I realize the odds of a Googler experiencing this are nil thanks to developer
employment policies requiring Chrome (ahem), but still surprising this
persisted from introduction until just recently.

Out if the office I’m a happy iPad Pro “What’s a computer?” user, so this
broke the web. But finally seems to have been fixed a couple months ago.

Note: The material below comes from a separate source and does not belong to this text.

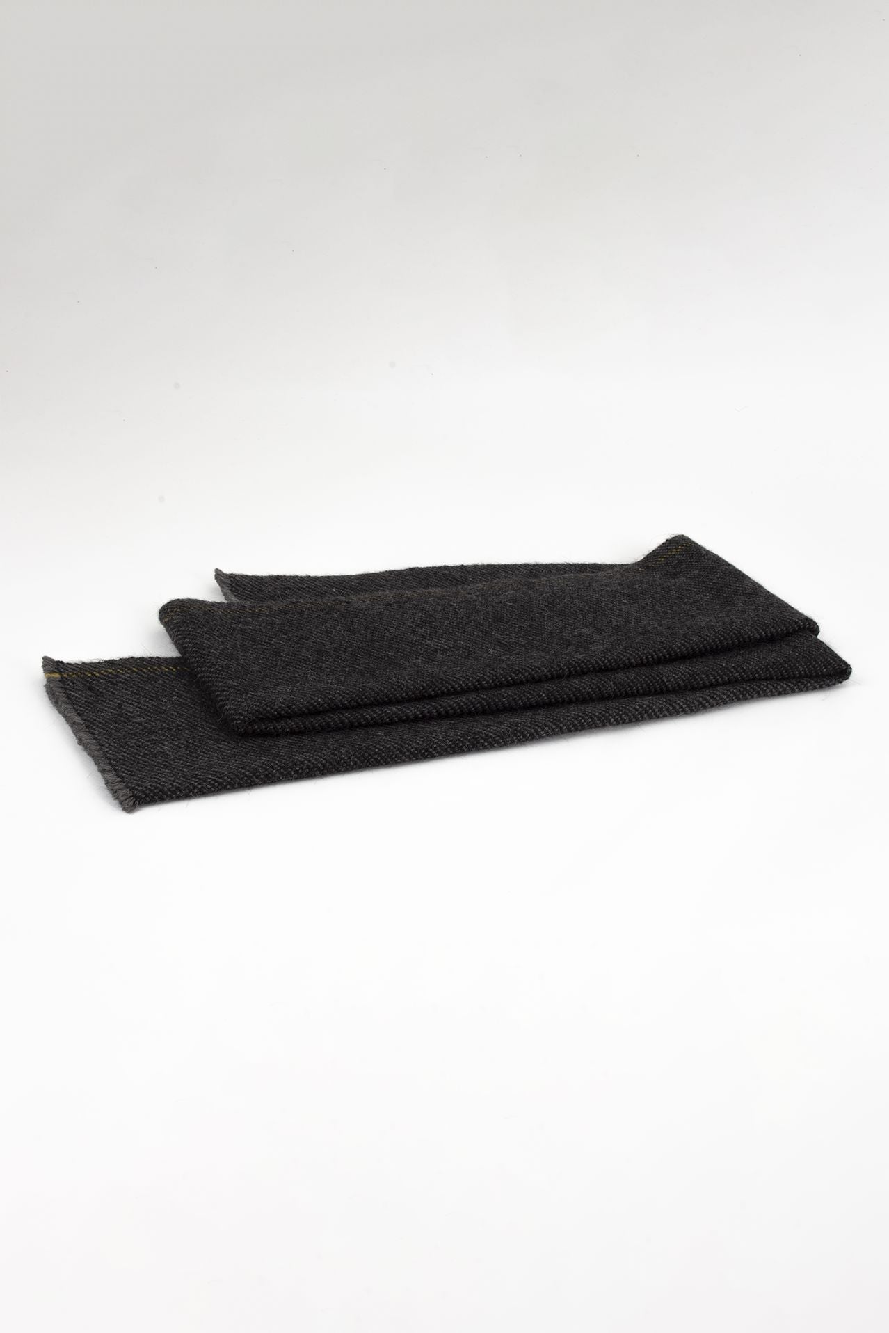 Unique piece with warp in charcoal grey alpaca and weft in anthracite alpaca. Featuring a mustard stripe detail.

Lesson here is don’t start all your user stories with “As a mono-culture
developer...” Users do exist that prefer the battery-life and privacy
preserving Safari browser.

------
superkuh
I run into this too. Because I have Comcast as an ISP and they engage in
malicious man in the middle attacks on their users I use socks 5 proxies to
remote VPS for all my browsing.

That means I end up in IP blocks that get blocked by many services or
presented with captchas.

Additionally, both Cloudflare and Google are trying to set up caching services
to prevent people from ever leaving their network in the form of AMP.

------
CodeWriter23
Two questions come to mind about the author. First, does he have cookies
disabled? Because disabling cookies will cause loss of the previous captcha
result, thus triggering a new challenge. Second, is he sure his customers (or
those who have pwned customer boxes) aren’t tainting his IP ranges through
malicious activity?

------
xstartup
Cloudflare simply can't solve this problem! Google/FB are more suitable
because a large of internet has fb/gmail account, some sort of profile mining
or behavioural analysis can reduce captchas. In comparison, i rarely come
across Google's recaptcha while i am logged into google services.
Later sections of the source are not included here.